+++ TASK DATA

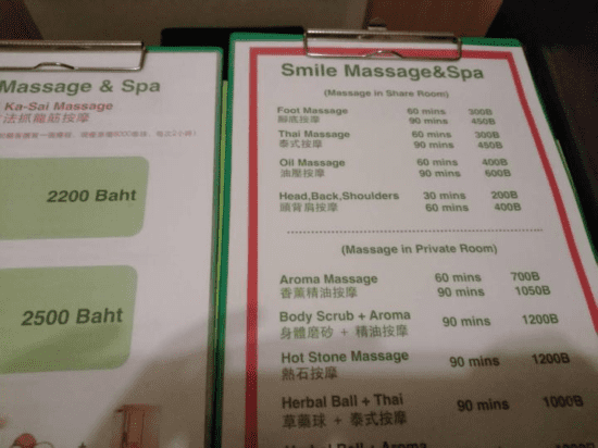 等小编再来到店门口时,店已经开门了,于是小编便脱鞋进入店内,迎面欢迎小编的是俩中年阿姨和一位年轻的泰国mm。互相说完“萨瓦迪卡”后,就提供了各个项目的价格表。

++++++
+++ TASK DATA

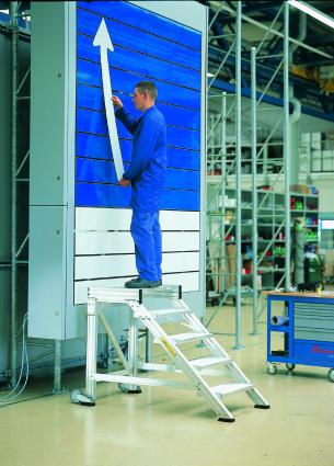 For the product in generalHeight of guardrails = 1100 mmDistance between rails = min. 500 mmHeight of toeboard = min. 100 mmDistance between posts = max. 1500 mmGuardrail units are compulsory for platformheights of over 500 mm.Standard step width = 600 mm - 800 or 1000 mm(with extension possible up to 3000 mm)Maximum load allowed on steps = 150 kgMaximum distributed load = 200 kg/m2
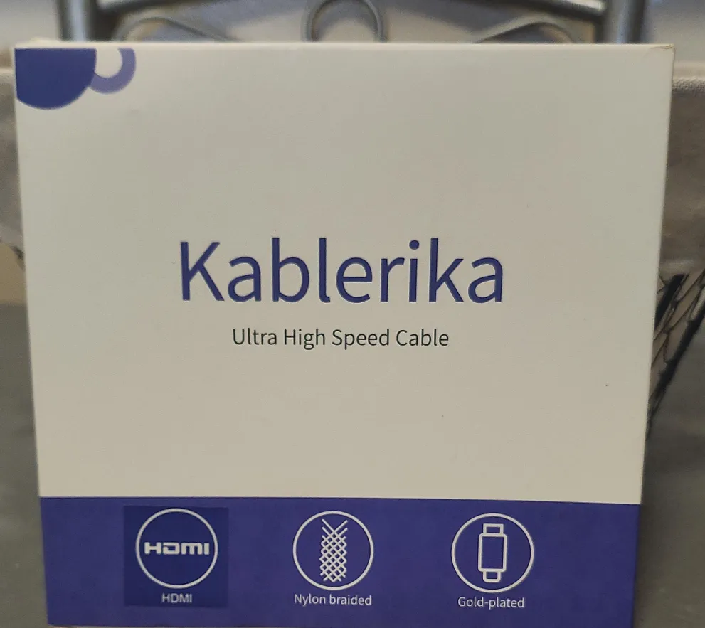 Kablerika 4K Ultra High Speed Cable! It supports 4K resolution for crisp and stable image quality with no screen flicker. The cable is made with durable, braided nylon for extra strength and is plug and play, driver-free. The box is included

++++++

**REQUIREMENT:**
Your answer is the exact run of lines above from the one with "For the product" through the one with "Kablerika 4K Ultra", both ends included, minus any picture.

**ANSWER:**
 For the product in generalHeight of guardrails = 1100 mmDistance between rails = min. 500 mmHeight of toeboard = min. 100 mmDistance between posts = max. 1500 mmGuardrail units are compulsory for platformheights of over 500 mm.Standard step width = 600 mm - 800 or 1000 mm(with extension possible up to 3000 mm)Maximum load allowed on steps = 150 kgMaximum distributed load = 200 kg/m2
 Kablerika 4K Ultra High Speed Cable! It supports 4K resolution for crisp and stable image quality with no screen flicker. The cable is made with durable, braided nylon for extra strength and is plug and play, driver-free. The box is included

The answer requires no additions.